Wednesday, February 23, 2011

Interesting things - 2.

5. The Antikythera mechanism.

This was fished out of the sea many years ago and appears to be a device so complex that it's often said that nobody could have made it at the time.

Evidently, someone did.

There are people in the world today who could start from a sheet of brass and make an accurate watch mechanism. Not very many, but there are some. Nowadays few would bother because many of the cogs and wheels are already available as mass-produced parts, but armed with a few simple tools and a lot of time and skill, it could still be done.

It accurately charts the planets, the moon (including correcting for the moon's elliptical orbit) and performs a whole range of astronomical calculations. All of them accurately. So, is it some mysterious time-travel artefact or a design passed on by aliens?

At the time it was built, astrology was a very serious matter indeed. A device that could accurately predict what the sun, moon and planets would do in the future was a highly desirable thing. It would be something that someone, possibly royalty, would pay a lot of money for. Therefore it was certainly worth some skilled artisan's time to cut all those cogs and gears and make sure the whole device worked.

How did he predict the moon and planetary movements? He didn't. He observed them and replicated the movements in his device. Since each object follows a predictable path, the historical data available to the device's maker would extrapolate very nicely into future data. All he had to do was make sure it gave accurate results for any point in the past, and it would give accurate results for any point in the future.

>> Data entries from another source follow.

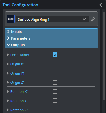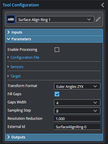 After configuring Surface Align Ring (see below), you must check the Enable Processing checkbox to produce the XML initialization file. After the tool has finished processing the data and has successfully aligned the sensors, it produces the XML file you load into a Surface Mesh tool. Note that the tool actually creates two copies of the initialization file: one called Configuration.xml, and another with a date-time stamp in its name, such as Configuration_20240531_120452.xml. The tool also creates Difference Surface and Segmentation Surface data outputs that you can use to assess the quality of the alignment.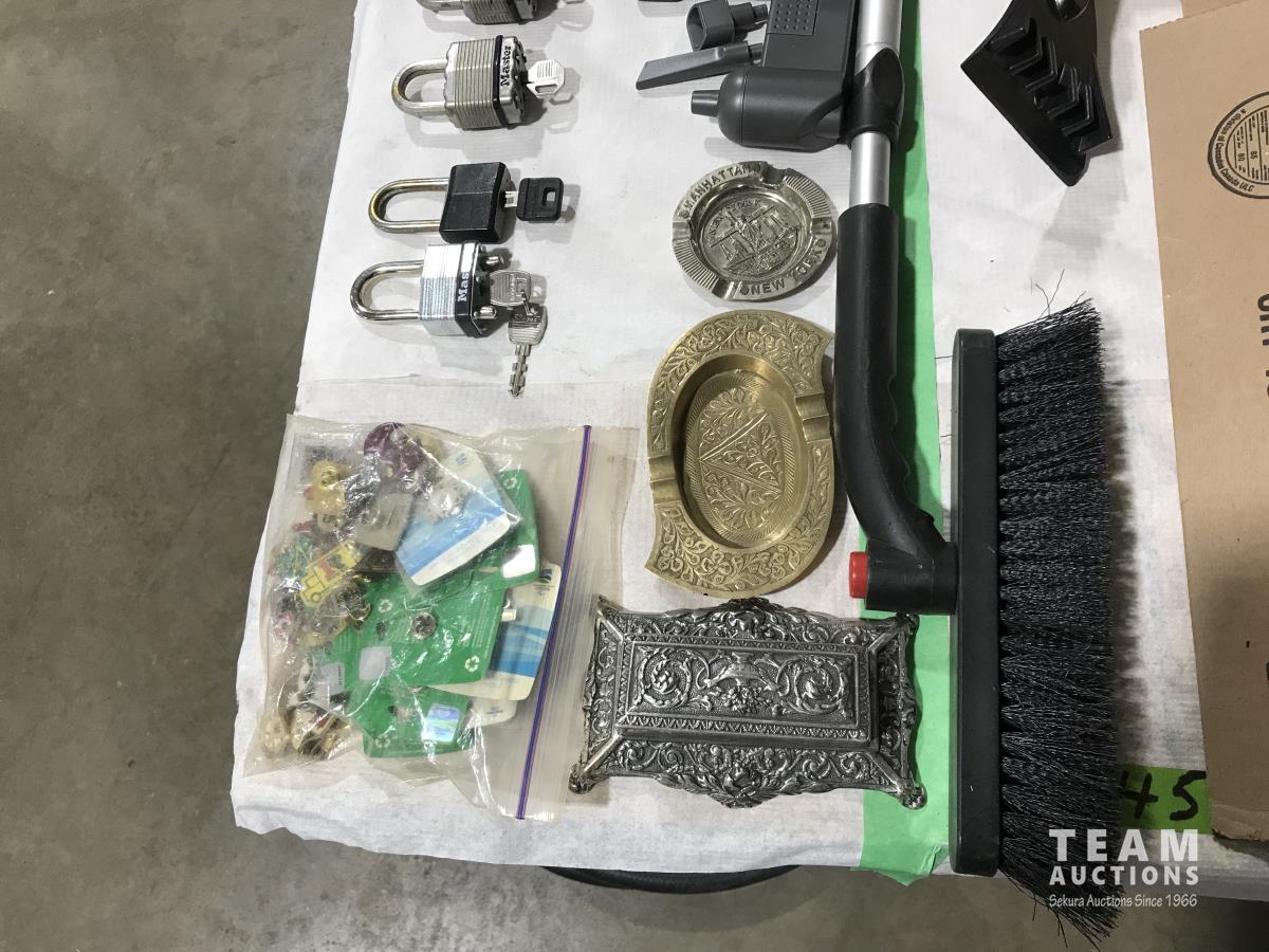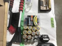 Window scrappers, locks, ring box, ash trays, miscellaneous batteries & super charger for dry cell batteries, napkins
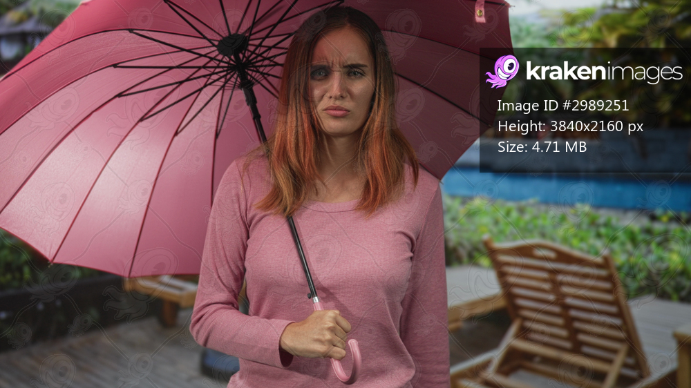 Woman holding pink umbrella, gripping handle and frowning by pool chairs at building pool deck; annoyance solitude.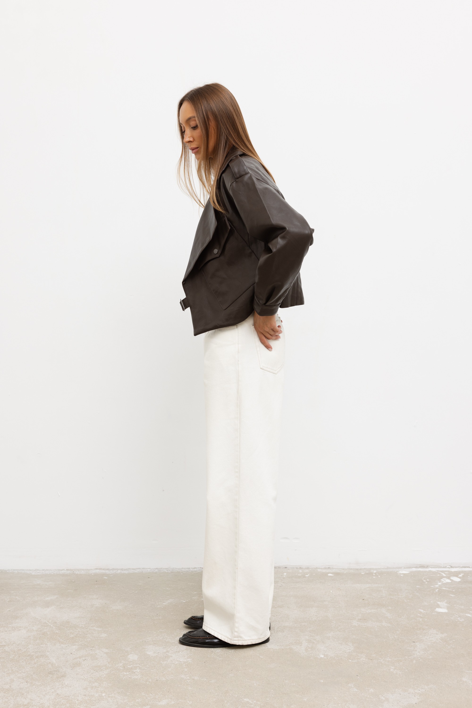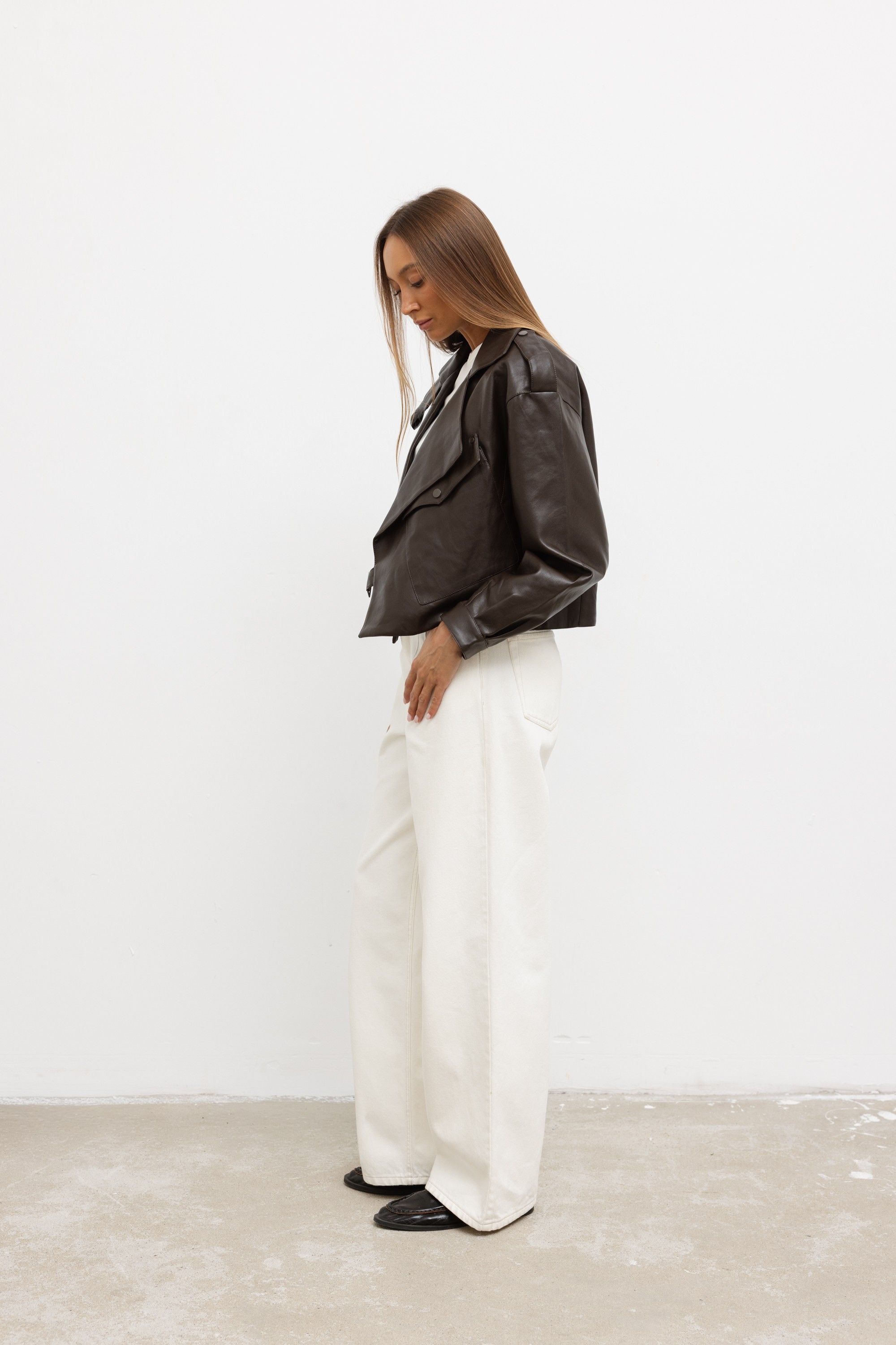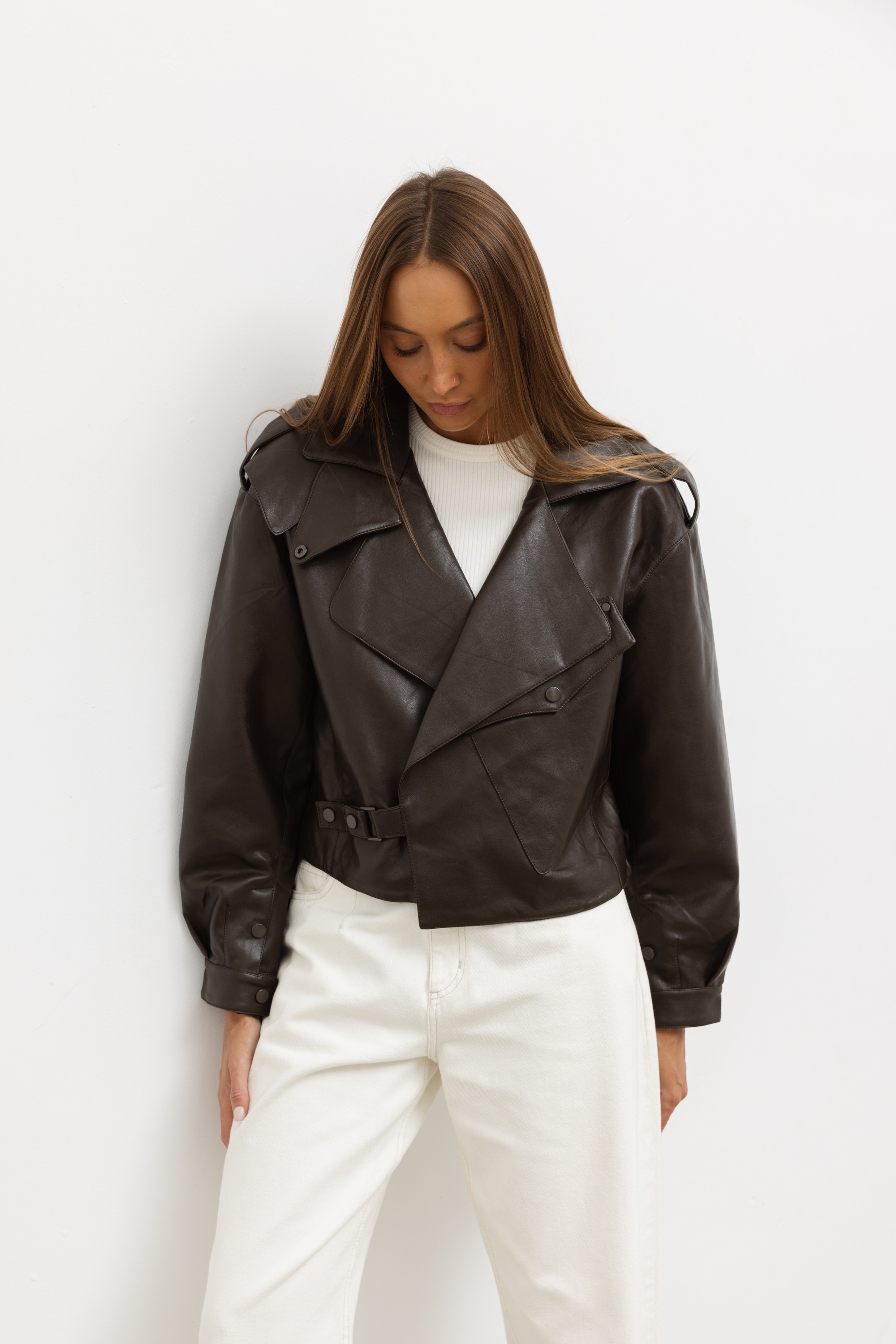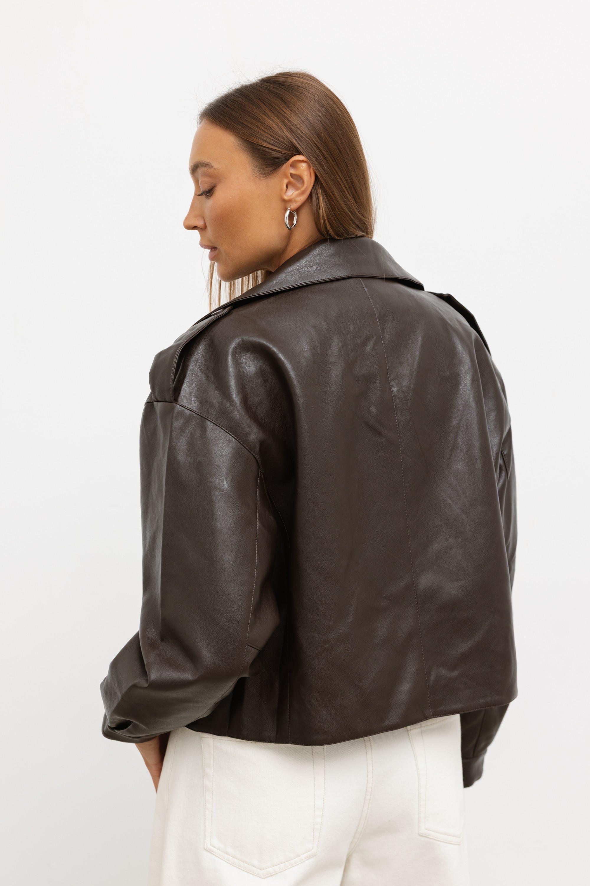 Ramoneska o krótszym, pudełkowym kroju. Linia ramion obniżona, zapinana na zatrzaski. Wykonana z eko skóry. Duży efektowny kołnierz, rękawy zakończone mankietem z zatrzaskami. Kurtka typu biker w nieco bardziej eleganckim wydaniu.

Easy? Certainly not. Planets don't follow neat circles around the sky, certainly not when seen from Earth. Sometimes they even appear to go backwards for a time. Getting all that into the machine would need a lot of cogs and wheels and that's exactly what this device has.

It was made by someone exceptionally clever, highly skilled and who had time and resources to do it. Most likely it was commissioned by someone very rich, someone who could keep the maker employed solely on this job.

Are there others? Well, you wouldn't pay someone on the promise that they could make something unless you'd seen previous work. So simpler mechanisms were probably produced along the way. As this site says, the Antikythera mechanism contains no errors so it's likely there were prototypes.

Why haven't we found any? Consider how long it takes to cut one accurate cog starting from a sheet of metal. When you have a prototype but need to change some things, you keep all the parts you've made that already work. I'd say the prototypes were most likely cannibalised for parts so the chances of finding one of them will be very slim now.

As for it being the only one, well, it would have taken many years to get this one right and there was no such thing as mass production. It might well have been the only one ever made, especially if the maker or his rich sponsor hid or destroyed the plans and prototypes. Having the only accurate planet-predictor would have been a very powerful thing in those days.

I don't see anything supernatural or inexplicable in this device. It's fascinating, certainly, but it's not beyond the bounds of human ability for the time. All it would need was the backing of a rich sponsor. It would also take someone most of a lifetime to get it right, so finding only one isn't a surprise either.

So it's not inexplicable at all.

The next one might be.

3 comments:

astrologymemphis.blogspot.com said...

Whoa. That is stunning. How the hell? I have to look these things up individually so I can see more than appears on that site. On to the next!


ver: recotoi

Someone wrecked the toy.

Romulus Crowe said...

Ancient peoples made stone circles that accurately tracked the sun, moon and sometimes constellations. There are dolmens on the islands north of Scotland that still precisely track the midsummer sunrise. People built Stonehenge and the pyramids and the Inca and Aztec cities without the aid of cranes or tractors or laser-guided architects.

If humans can do that when all they have are rocks, I don't have any trouble believing that humans could make this mechanism almost as soon as they have good quality metals.

People are capable of amazing things if only they'd let themselves believe it.

astrologymemphis.blogspot.com said...

I finally got around to reading more about this, and am always gratified for additional proof that our ancestors took so much interest in our solar system. I can confidently say, now that I've learned more about it, that the technology was not taught to mankind by aliens. Anyone traveling here from that kind of distance would know there are more than five planets.